Consider and address questions of equity in detail, not just in aspirational language. Acknowledge that decisions to move to an online-only fall will impact students from low-income families and place additional stress on some underrepresented groups. Then work with faculty and staff members to creatively meet those challenges as best as possible.

Be ready with resources and training for faculty members who are returning to online instruction. A late announcement of a full semester of online learning will be disruptive and will necessitate significant faculty support just as the semester begins.

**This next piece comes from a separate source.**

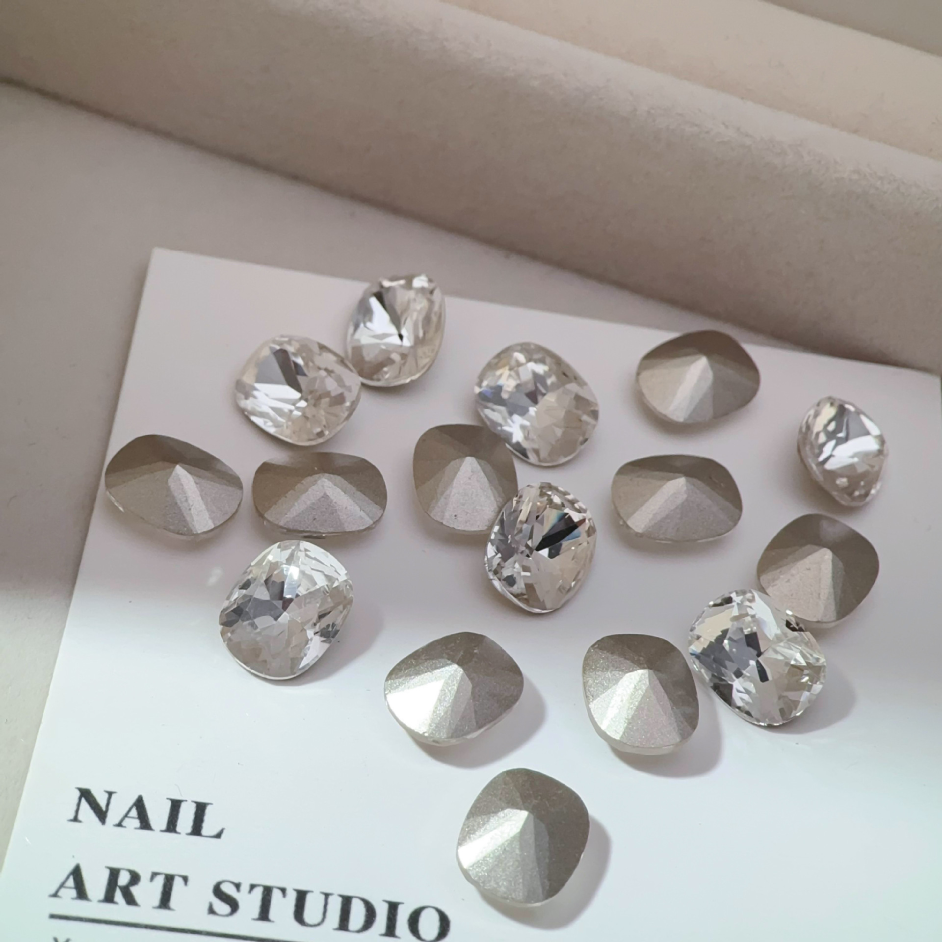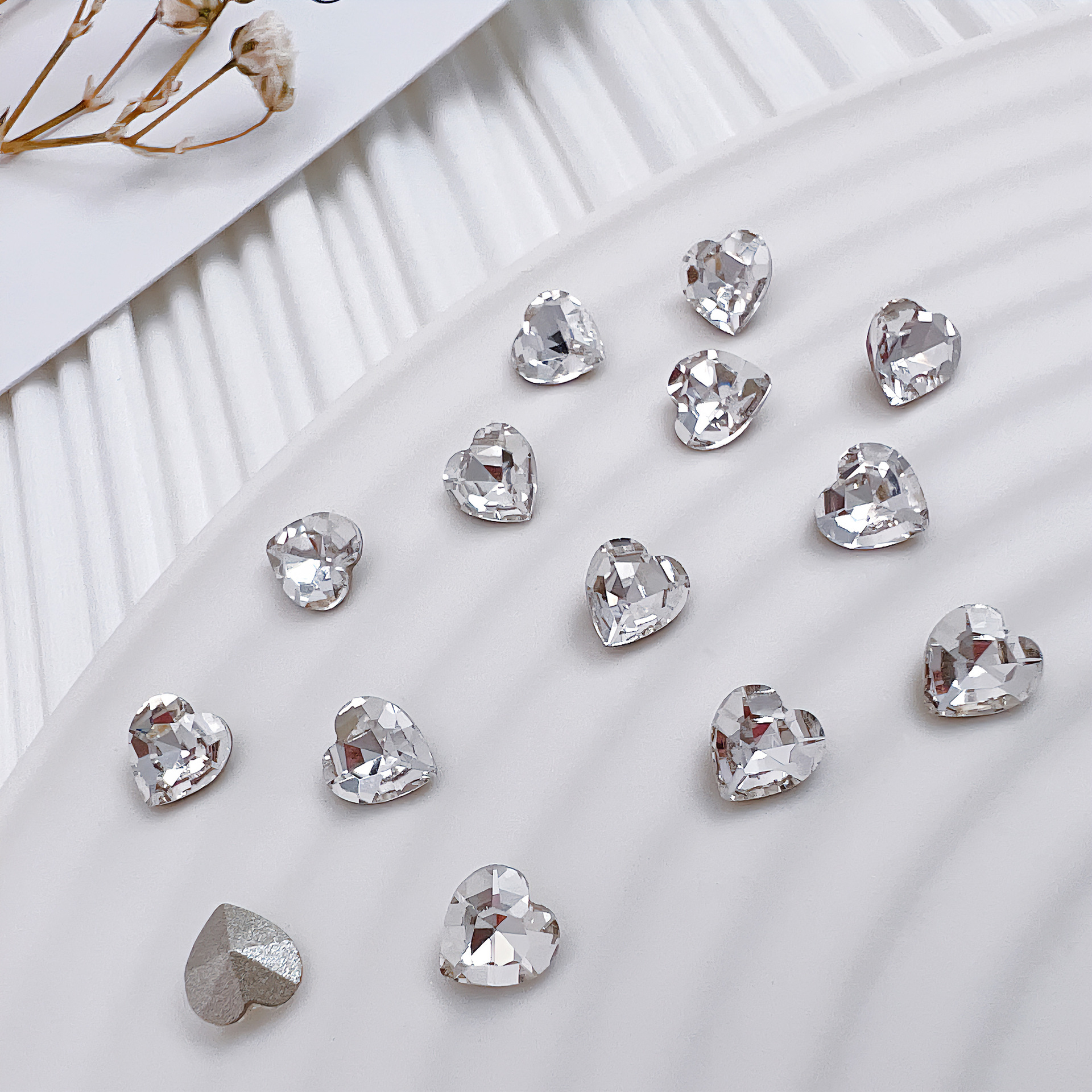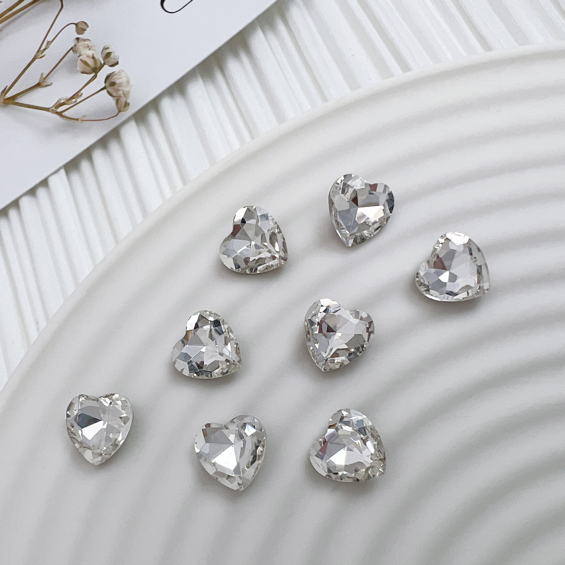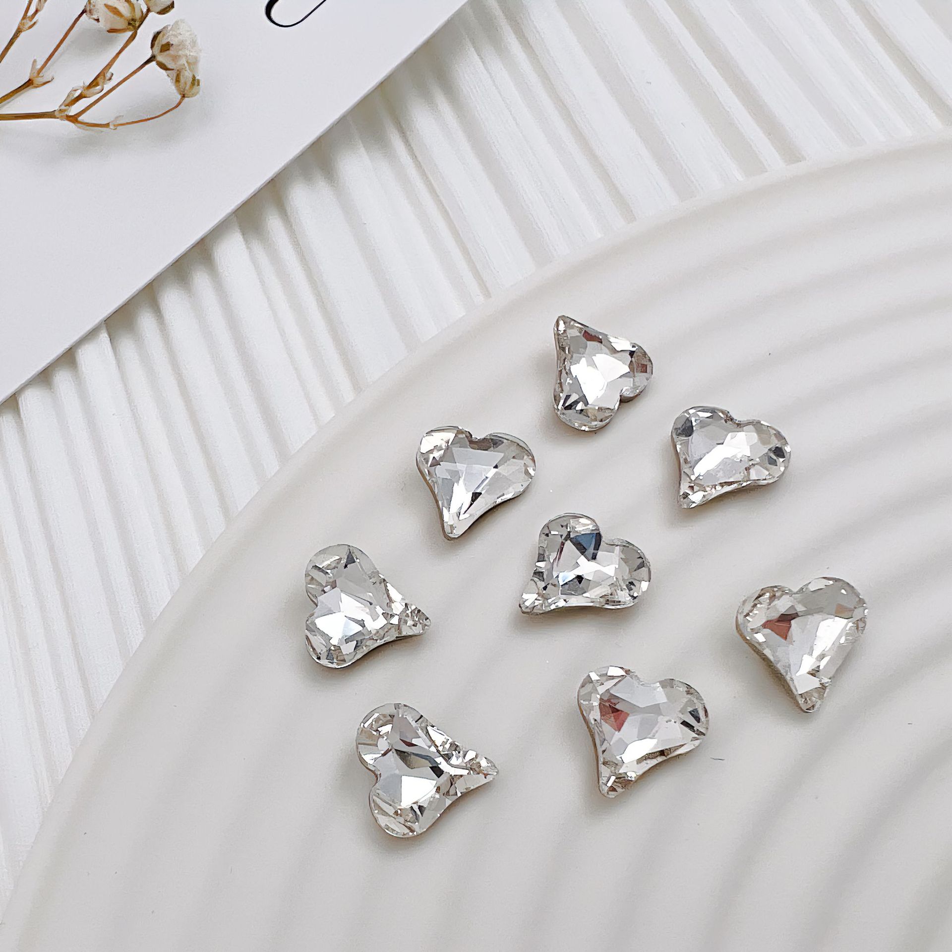 흰색 뾰족한 네일 드릴 울트라 플래시 흰색 직사각형 지방 사각형 비뚤어진 하트 록 캔디 유리 모양의 다이아몬드 네일 쥬얼리
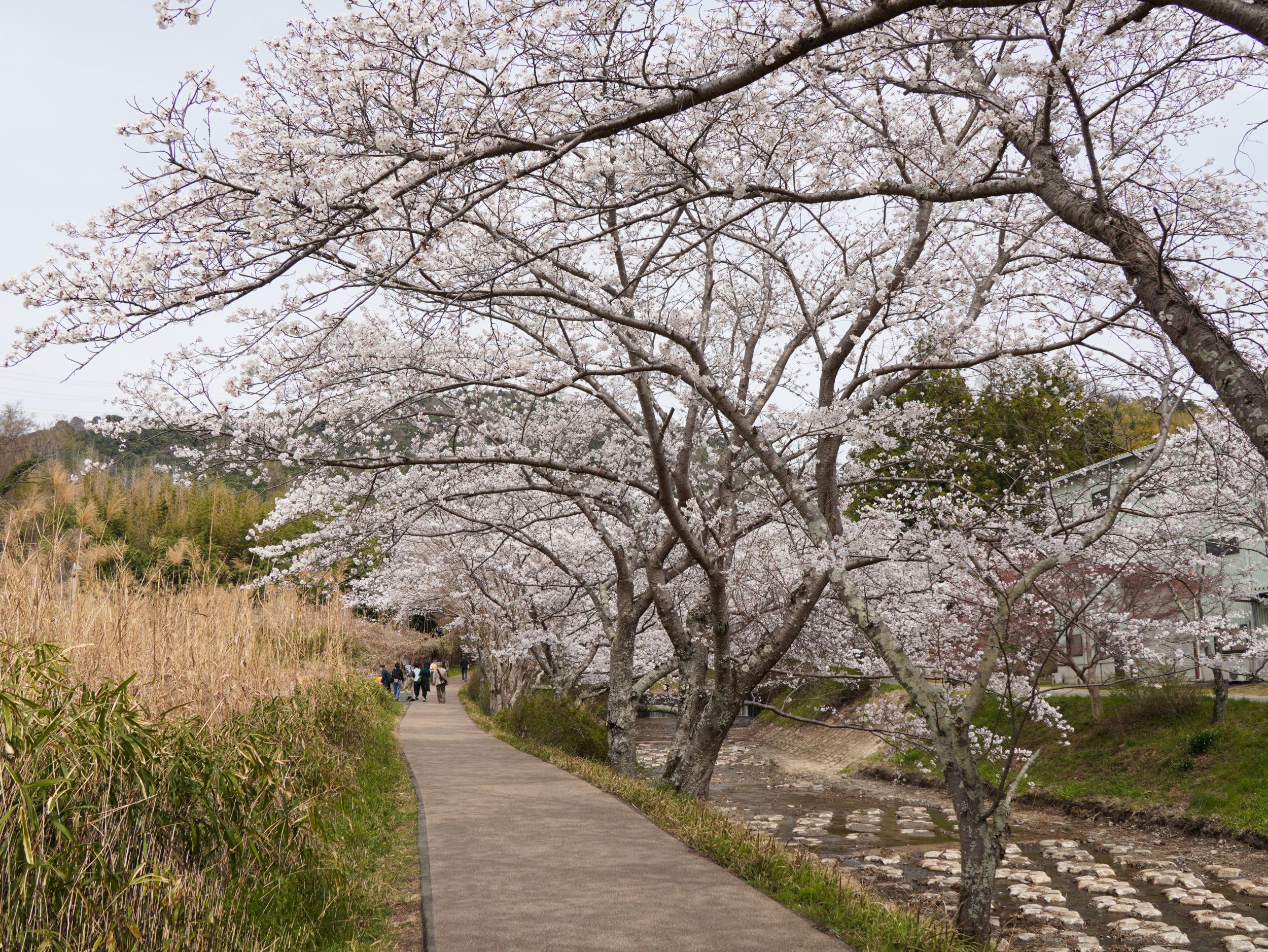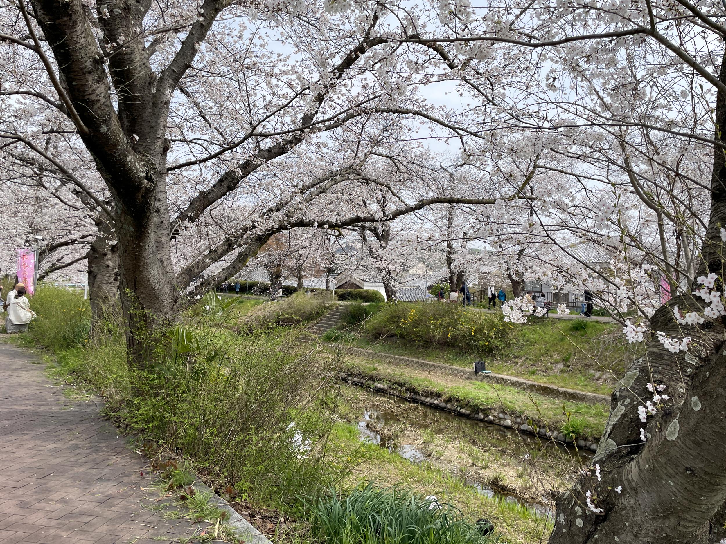 井手の玉水のソメイヨシノです。人が少ないところを撮っており、土手を散策する人たちや、河原でビニールシートを広げたファミリーで混雜というほどではないものの賑わっています。特筆すべきは外国人観光客が殆ど見当たらないこと。

Think hard about how to meaningfully communicate what students can expect in this medium. Some institutions have shied away from explaining just how different -- and potentially not fun -- an in-person fall would be. With a shift to a remote fall semester, leaders must be transparent and up front to manage expectations. Go beyond vague phrases like “a robust online academic experience.” Managing student expectations and communicating them to faculty and staff members clearly and repeatedly is a necessary step in delivering on promises about a now-online fall.

Be sure to bridge student expectations of faculty interactions and their actual experiences of them. Office hours will look different this fall, as will other faculty and student interactions. Institutions often market such interactions as a benefit of attendance, and while they received leeway for how students experienced those interactions in the spring, that leeway will be ending once the new academic year begins.

Do not overlook parents as an audience. While students still need to be treated as adults, the anxiety -- emotional and financial -- that COVID-19 has created means they are relying on their parents when making difficult decisions now more than ever.

One last piece of advice, which applies broadly in these COVID-19 days: leaders must choose their words carefully. While it’s appropriate to express regret and acknowledge disappointment should an online fall semester be necessary, an apology isn’t necessary when putting the health and safety of the campus community first. Campus leaders need to be ready for criticism that runs the gamut from disapproval and disappointment to evisceration and pulled enrollment deposits. Be prepared for feedback and emotion from individuals who are angry about a shakeup in plans and those frustrated about the perceived loss of opportunities for students to change course. But stand firm with whatever plan of action is in the best interest and well-being of the institution and its people.